Produced in SoHo mainly in the latter half of the 1970's, these videotapes give testimony to the best of experimental video art -- in dance, theatre, music and the visual arts. Artists associated with the video art produced by ATN include Laurie Anderson, Gregory Battcock, John Cage, Douglas Davis, Jean Dupuy, and many others. Video exhibition which took place in artists' lofts, galleries, and alternative spaces in SoHo and elsewhere, needed to create a larger audience, an exhibition outlet of its own In 1976 several cable facilities joined with a number of individuals to organize Cable SoHo, with the goal of placing video art on Manhattan Cable Television.
Of the individuals involved in organizing this effort -- video artist and painter Jaime Davidovich, video artist and journalist Douglas Davis, and Jude Quintiere, director of music at New York City's Pacifica station WBAI --Davidovich was especially enthusiastic about cable's potential as a medium of art and artists, and its ability to bring the artists' work into people's homes. For the artists it meant the integration of the working concept of art-making as unbounded, highly individual expression with the rigid time-space and necessarily cooperative structure of television. The programs were allowed to include artists' work in any medium, as long as the presentation was conceived as television. The result was the production of artists' television which focused on live performances, lectures, seminars, screenings, video art, theatre works, contemporary music compositions, street events, and two-way interaction.
Programming started on December 9, 1976, and continued to run on Manhattan Cable's Public Access Channels until early 1977, with Davidovich as executive producer. In late 1976 the Artists' Television Network was incorporated. The original consortium of independent organizations and individuals comprising Cable SoHo was replaced through an active board of unaffiliated individuals, along with representation from many of the former organizations. Davidovich became president of ATN. ATN commissioned artists to create work for videotape, and provided production and post-production facilities. The new corporation did all programming under the name of SoHo Television, a Project of The Artists' Television Network. The series was featured, beginning in April 1978, on Manhattan Cable's Premiere Channel IO as part of its TAKE IO presentation of special programming and classic films, and was shown on Teleprompter's Cable Television Channel 10 at the same time. It became a vital outlet for independently produced artists' video work and its dissemination to a broad television audience. Thus, ATN programmed and aired a regularly scheduled series of tapes about avant-garde art on cable.
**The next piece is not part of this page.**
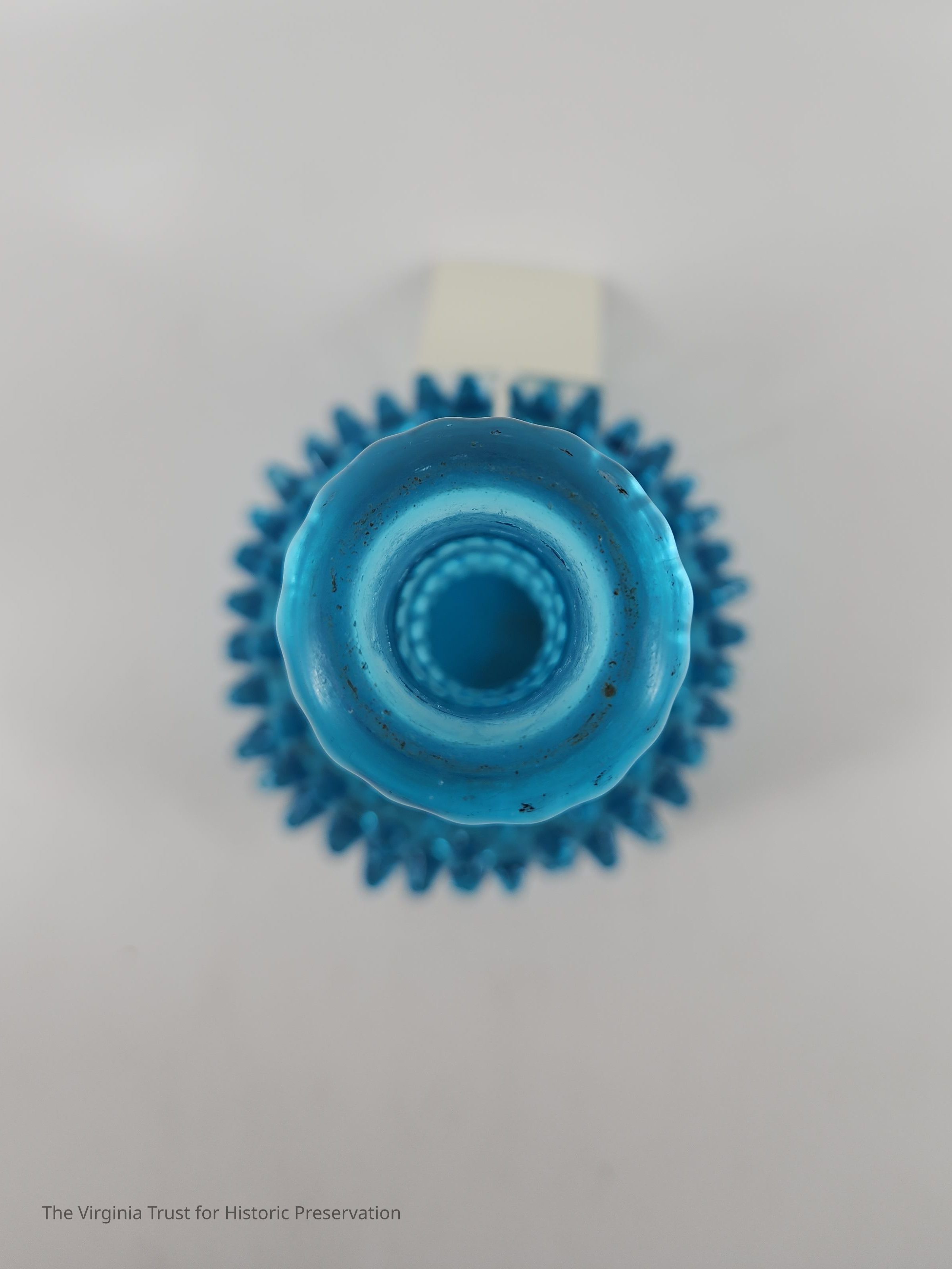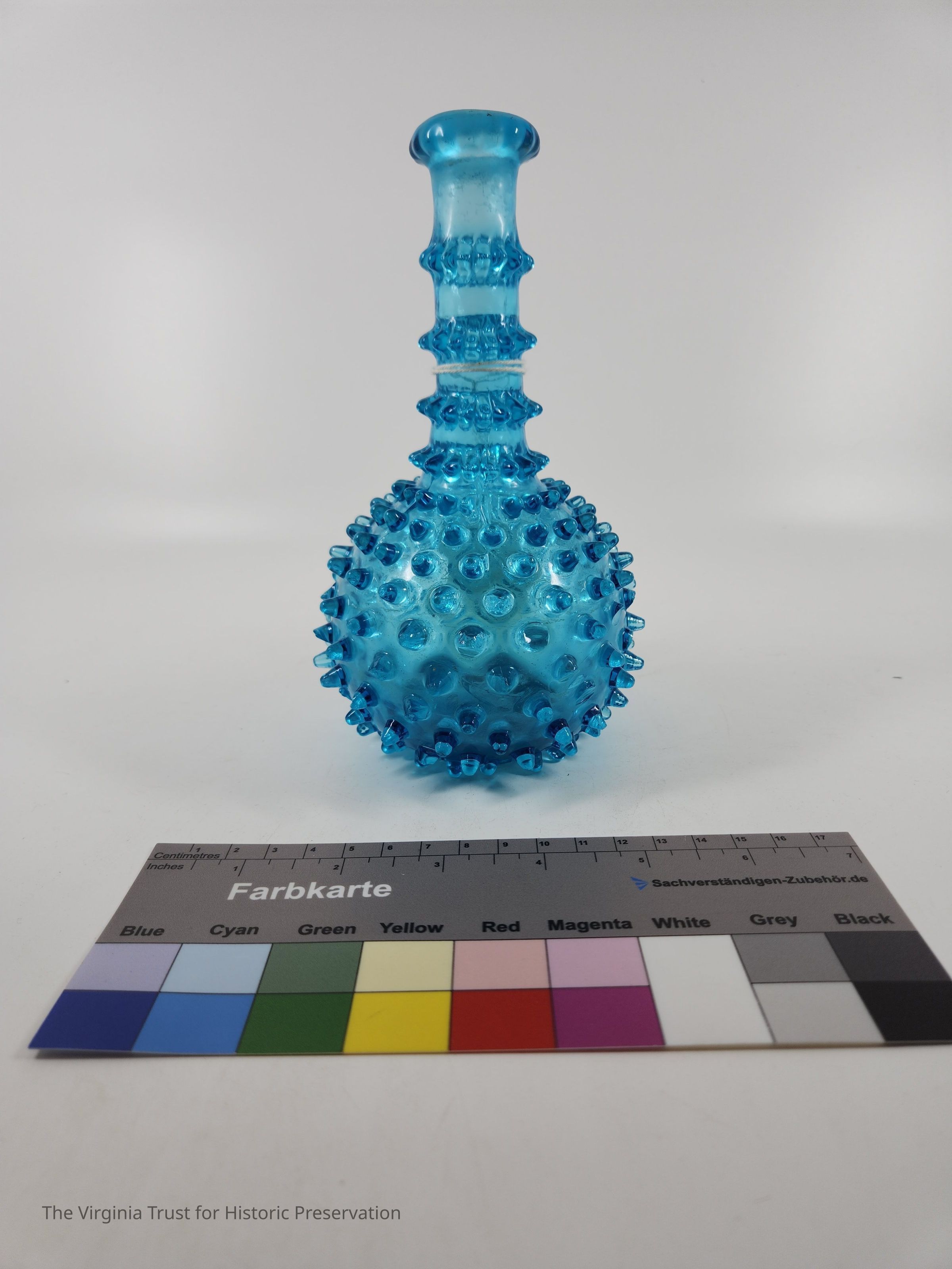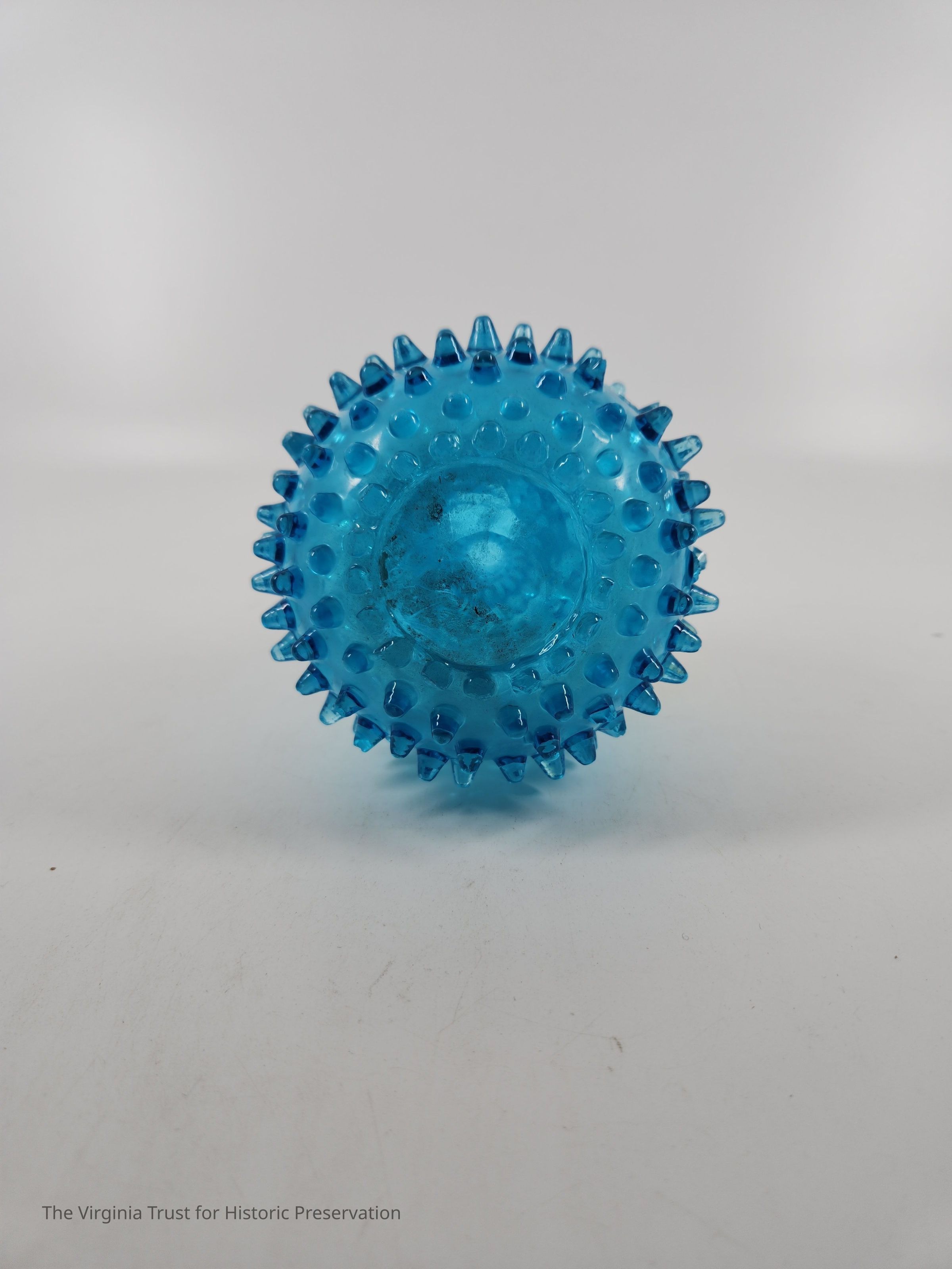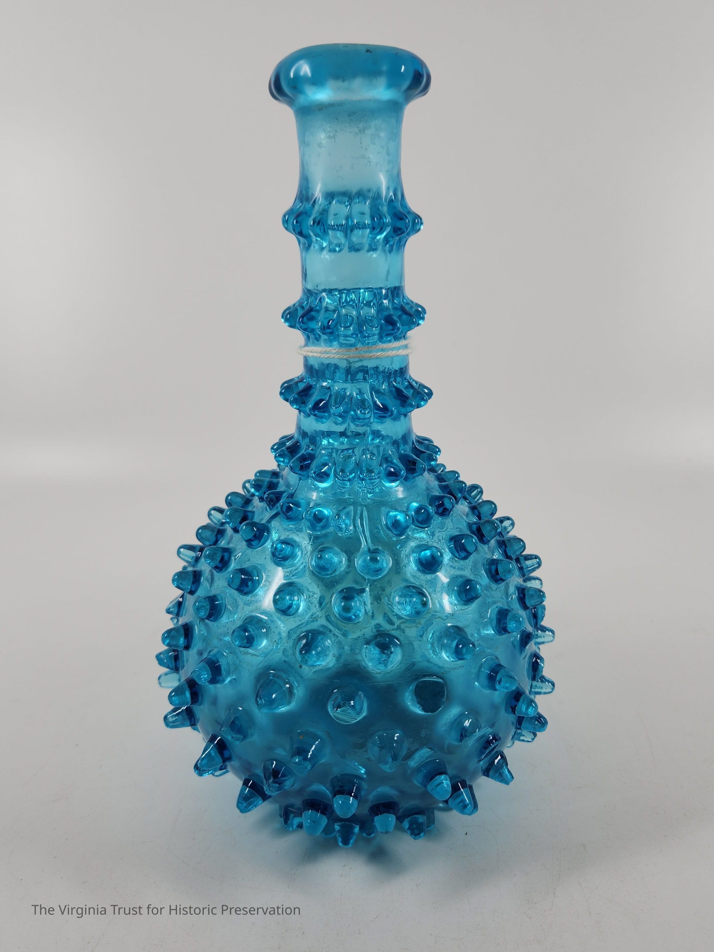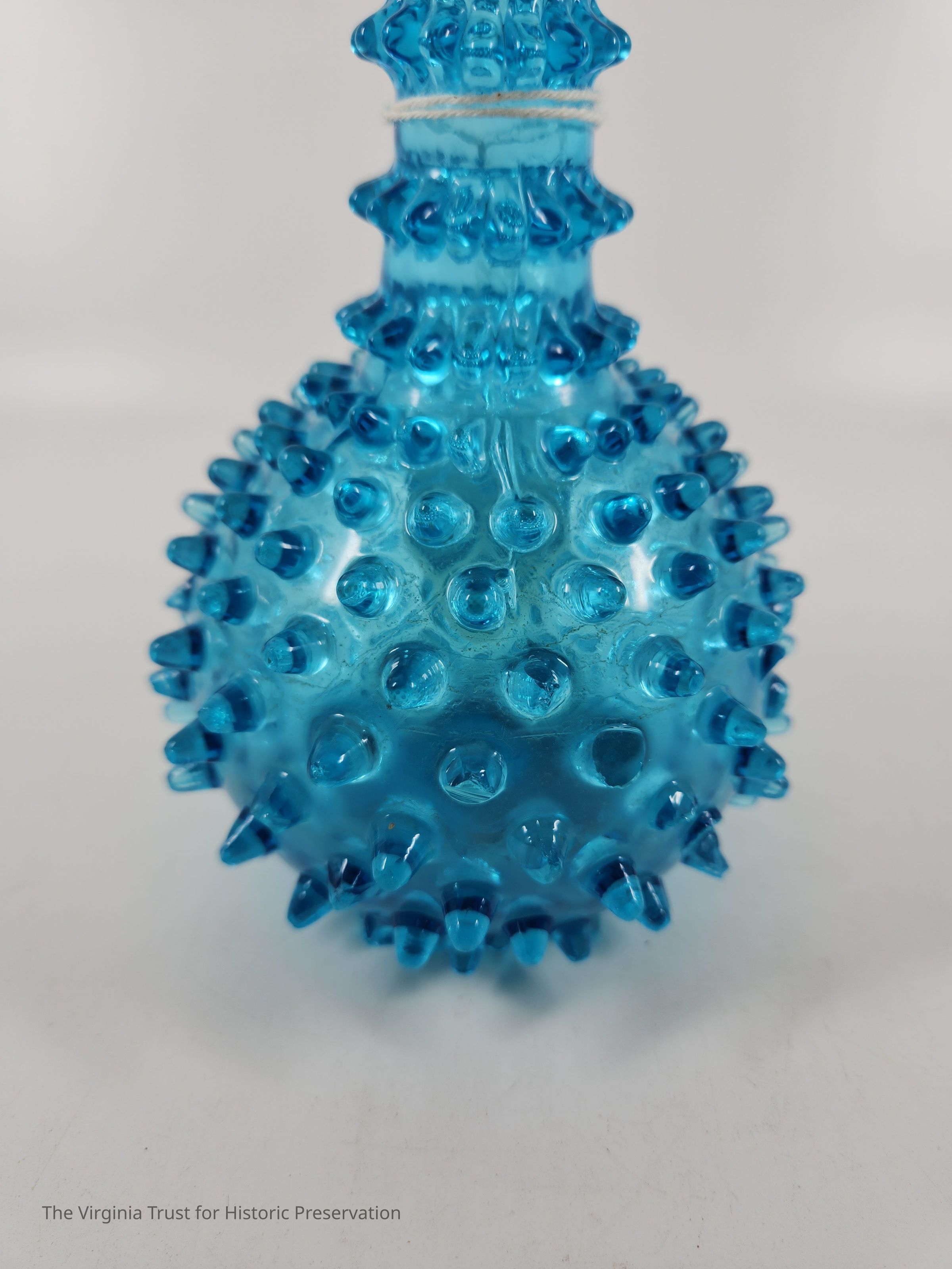 One of a pair of blue pressed glass vases. Bulbous form with decorative protrusions. Neck of bottle has three decorative bands. Molded glass. Thick fringed lip. Pair with 2015.010.Dimensions

Of particular interest to ATN's founder, Davidovich, was The Live! Show, presented once a week on Manhattan Cable's channel J. This program became the live cablecast show of the avant-garde, a variety program which featured news, art performances, live phone-ins, guest appearances by notables in the field of video art and every aspect of the New York avant-garde scene. Part of The Live! Show was Davidovich himself, as Dr. Videovich, with his cure for television addiction, Videokitsch Commercials, and the Video Gift Shop. The Iowa collection contains over sixty tapes of The Live! Show, among many others. In 1984 regular programming produced by ATN came to an end and the activities of ATN were discontinued.